The countermeasures that can be taken to improve security in this area include:
- The existing notifications can be monitored and verified against the expected legitimate notifications to detect a compromise
The counteranalysis which can be performed to improve security in this area includes:
- The role of notification engineer could be replicated. Each notification engineer could publish each notification. Only one notification engineer would hold the true writecap. An adversary would have to compromise multiple writecaps or first determine which notification engineer holds the true writecap.
Backwards compatibility
A future version of this notification channel may require changes to the structure of notifications themselves. In this case, compatibility is preserved with current versions of the PrivateStorage client by continuing to publish v1 compatible messages according to the current scheme. Notifications which conform to a different specification are published to a new vN directory where N is greater than 1. Future versions of the PrivateStorage client are required to interpret such messages.

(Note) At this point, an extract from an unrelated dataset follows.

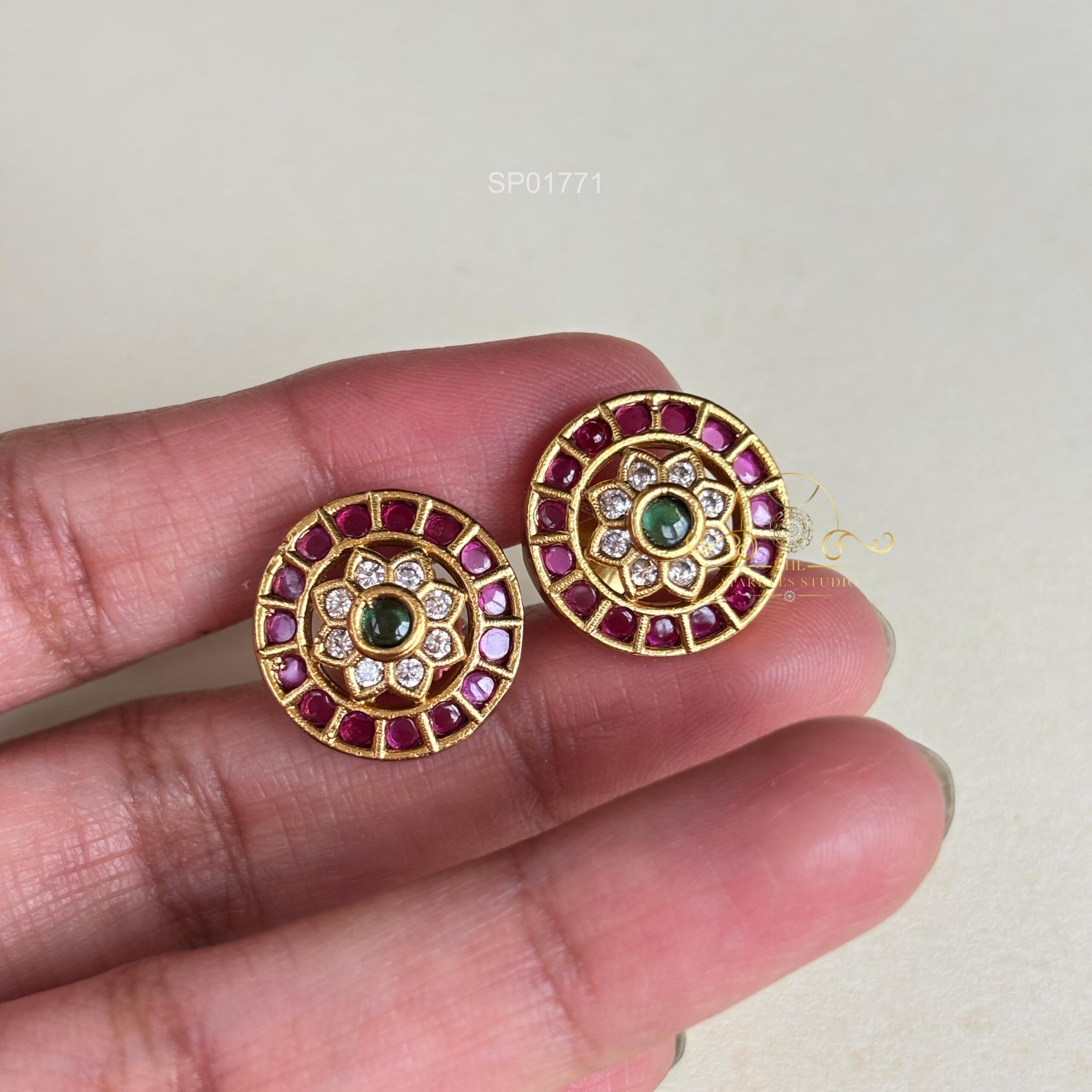 Dazzling Balis with Round Stud On Top are glamorous hoop earrings that feature a dazzling design. The earrings showcase intricate details, and a round stud sits elegantly on top, adding a touch of sophistication.

The reverse scenario is not envisioned. It is expected that at all times the notification system deployed on the PrivateStorage grid will be as new as or newer than the version deployed in all PrivateStorage clients.
Performance and scalability
The current design goals are to support the beta testing period. We expect to have 1000 participants in the beta test.
The load associated with notification system polling is expected to be dwarfed by the load associated with magic folder polling. Each magic folder incurs a poll every 10 minutes. If the notification system incurs a poll every 12 hours then it contributes 1/72 as much load to the system as magic folders polling contributes. Put another way, if a grid can support a maximum of 1000 magic folder users without notifications then it should support a maximum of 986 magic folder users with notifications.
With naive share placement, all clients will poll the same storage server (or servers) for notifications. This does mean that all additional notification system load is incurred by a fraction of the overall storage grid. Considering the above, this may mean that it has difficulty operating on grids scaled beyond 72 servers (because when you have 72 storage servers you expect 1/72 of overall grid load to be as much as any single server can handle on its own and so when you have more than 72 storage servers this is more load than any single server can handle; hypothetically: I haven't measured).
Scalability may be improved by changing the Tahoe-LAFS download algorithm to add variability to server selection for share retrieval.6
The load associated with the publication of new notifications is negligible in the extreme.
Further reading
Notes
-
tahoe create-alias privatestorage-notifications-production:
↩ -
The entire client used by the notification engineer will live on a managed, dedicated host which is disconnected and powered off when not in use. This is the notification host. All future interactions that require the notification writecap will take place on the notification host.
↩ -
tahoe mkdir privatestorage-notifications-production:v1
↩ -
tahoe cp release-v0.4.txt privatestorage-notifications-production:v1/$(date -Iseconds).txt
↩ -
Clients permute the connect servers list to determine an order in which to ask servers for shares. All clients permute this list in exactly the same way. A readcap contains within it the total number of shares that exist (N). Clients could use a client-private value to permute the first N servers of the permuted list. This produces an ordering of N servers that is diverse across different clients but which still gives all clients a first k (number of shares needed; k <= N) servers which are highly likely to hold a share.